We saw that the Maple environment allows for computation with integer and rational numbers, but it does not do so well with real numbers. We will see that Maple understands that $\sqrt{2}$ and $\pi$ are non-rational real numbers, but in general, it is quite difficult to do computations with them.
If we want to perform real computations, in general, we cannot, but we can approximate real computations with floating-point computations. With floating-point computations, each operand is evaluated to a fixed number of digits, the operation is then performed, and the result is then truncated to the given number of digits.
By default, the number of digits is ten (10).
> 1.234567890*2.345678901;
$2.895899851$
The exact solution is $2.89589985142508889$, but this is rounded to ten significant digits.
You may recall, or if you may not already be aware, that double-precision floating-point numbers (double) use 53 significant bits, which is approximately 16 decimal digits of precision, while single-precision floating-point numbers (float) uses less than eight. In Maple, you can prescribe the number of digits to which all floating-point computations are to be performed by assigning to the environment variable Digits:
[> Digits; # Print the value assigned to 'Digits'
$10$
This shows the default value of Digits, but we can assign to this environment variable, too:
[> Digits := 20;
$Digits := 20$
As soon as we do this, all floating-point operations use 20 significant digits:
> 1.2345678901234567890*2.3456789012345678901;
$2.8958998520042688603$
If you were to calculate the given product to all possible digits, then the actual value would be $2.8958998520042688603139767765142508889$, but this result is rounded to twenty digits.
It is important to realize that at all times, every operand is first rounded to a Digits-digit number, and only then is the calculation performed. For example, consider the following sum:
> Digits := 10;
$Digits := 10$
> 1.0000000005 + 1.0000000004;
$2.000000000$
Ideally, one would suggest that this should equal $2.000000001$; however, each operand is first rounded to two significant digits first, so we are really just calculating $1 + 1 = 2$.
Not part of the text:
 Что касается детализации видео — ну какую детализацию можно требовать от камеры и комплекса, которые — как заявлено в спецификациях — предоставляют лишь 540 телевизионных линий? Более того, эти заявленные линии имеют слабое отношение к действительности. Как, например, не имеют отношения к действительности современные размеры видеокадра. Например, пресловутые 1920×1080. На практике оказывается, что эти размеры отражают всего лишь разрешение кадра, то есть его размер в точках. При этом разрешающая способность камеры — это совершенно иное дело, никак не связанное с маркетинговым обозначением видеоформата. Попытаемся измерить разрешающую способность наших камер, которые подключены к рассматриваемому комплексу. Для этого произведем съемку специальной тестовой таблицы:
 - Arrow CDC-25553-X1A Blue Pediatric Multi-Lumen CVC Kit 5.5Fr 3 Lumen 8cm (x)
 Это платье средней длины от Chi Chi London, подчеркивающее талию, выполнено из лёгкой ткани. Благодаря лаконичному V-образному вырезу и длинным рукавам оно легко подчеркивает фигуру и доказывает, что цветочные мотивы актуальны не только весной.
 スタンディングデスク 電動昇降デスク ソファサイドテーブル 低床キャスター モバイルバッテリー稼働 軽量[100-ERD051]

Every floating-point computation is associated with an error. Indeed, every floating-point number represents a range of possible real nubmers. For example, 2.345678901 could represent any real number on the interval $(2.3456789005, 2.3456789015)$, so any real number on this interval could be represented by 2.345678901 when rounded to ten (10) digits.
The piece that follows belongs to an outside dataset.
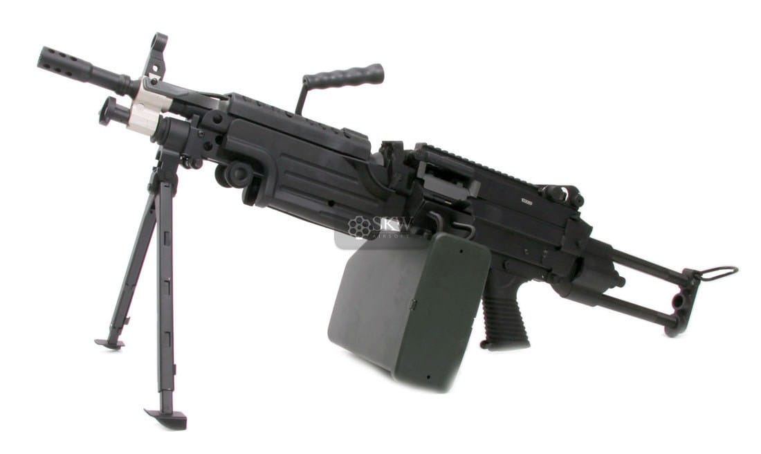 AEG M249 PARA A&K: fusil de asalto robusto y versátil, perfecto para cobertura y disparo constante.

We will right now introduce a new function: one that converts a an integer, a rational number into a floating-point number at the given number of digits:
> evalf( 22/7 );
$3.142857143$
> evalf( 355/113 );
$3.141592920$
> Digits := 20;
$Digits := 20$
> evalf( 355/113 );
$3.1415929203539823009$
> Digits := 113;
$Digits := 113$
> evalf( 355/113 );
$3.14159292035398230088495575221238938053097345132743362831$ $85840707964601769911504424778761061946902654867256637168$
It is no coincidence that 113 digits are required before you detect the first repeating decimal: why? (Hint: you'll notice there are 112 repeating decimals.)
$\frac{355}{113} = 3.\overline{14159292035398230088495575221238938053097345132743362831}$ $\overline{85840707964601769911504424778761061946902654867256637168}$
Incidently, $\pi = 3.1415926536\mdots$, so as an approximation $\pi$, $\frac{355}{113}$ has a relative error of 0.0000085%, or one part in twelve million.